Data provided –

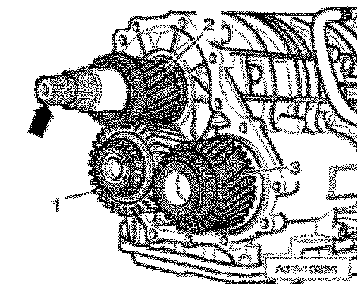 ^ Remove pinion gear together with intermediate pinion, pull drive pinion - 2 - slightly toward rear while doing so.
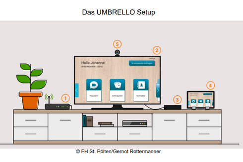 Die Basis von UMBRELLO ist eine TV- und tablet-basierte Plattform, die im Rahmen der Vorgängerprojekte (Brelomate 1 + 2) entwickelt und in einer ausführlichen Feldstudie in 40 Haushaltgen getestet wurde. Das Setup macht den Fernseher zum benutzer/innenfreundlichen Herzstück der Digitalen.Dorf.Dienste. Für den Aufbau zu Hause werden nur wenige Komponenten benötigt (Abb. 1):
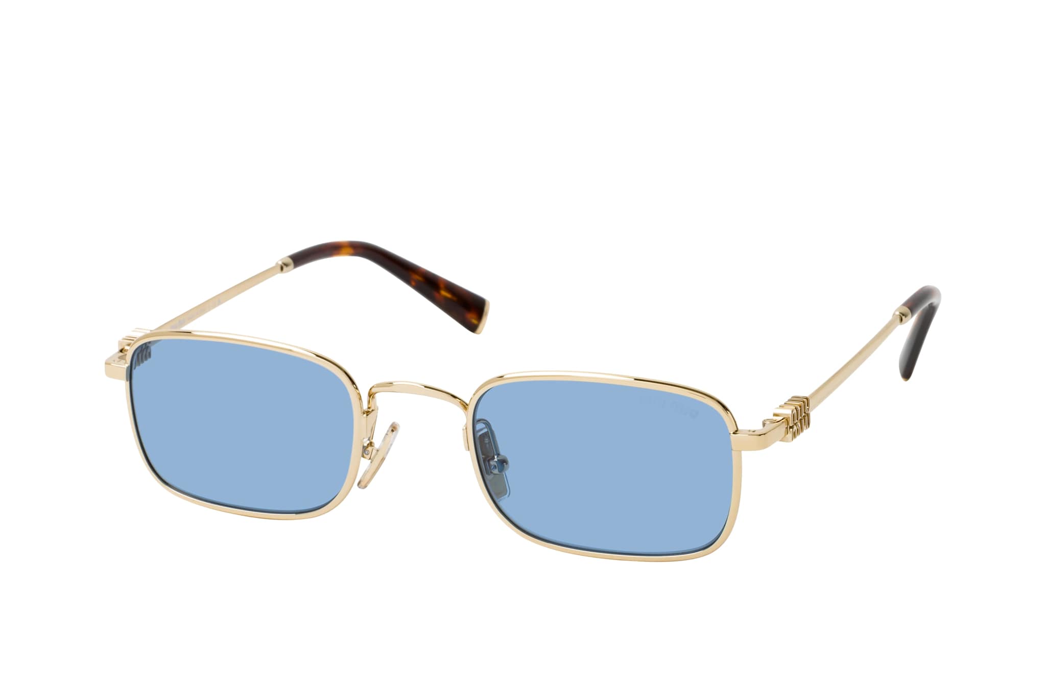 Miu Miu MU A53S ZVN60O, Quadratische Sonnenbrille Damen. Farbe: Goldfarben, Größe: Medium, Rahmentyp: FULLFRAME, Brillenbreite: 130mm, Glashöhe: 35mm, Material: Metall. Stegbreite: 22mm. Glasfarbe: Blau. Mit UV400-Filter. Hersteller: Luxottica Group S.p.A. Style:

Problem – Copy the listing exactly. No images belong in the copy.

Exercise answer –
 ^ Remove pinion gear together with intermediate pinion, pull drive pinion - 2 - slightly toward rear while doing so.
 Die Basis von UMBRELLO ist eine TV- und tablet-basierte Plattform, die im Rahmen der Vorgängerprojekte (Brelomate 1 + 2) entwickelt und in einer ausführlichen Feldstudie in 40 Haushaltgen getestet wurde. Das Setup macht den Fernseher zum benutzer/innenfreundlichen Herzstück der Digitalen.Dorf.Dienste. Für den Aufbau zu Hause werden nur wenige Komponenten benötigt (Abb. 1):
 Miu Miu MU A53S ZVN60O, Quadratische Sonnenbrille Damen. Farbe: Goldfarben, Größe: Medium, Rahmentyp: FULLFRAME, Brillenbreite: 130mm, Glashöhe: 35mm, Material: Metall. Stegbreite: 22mm. Glasfarbe: Blau. Mit UV400-Filter. Hersteller: Luxottica Group S.p.A. Style:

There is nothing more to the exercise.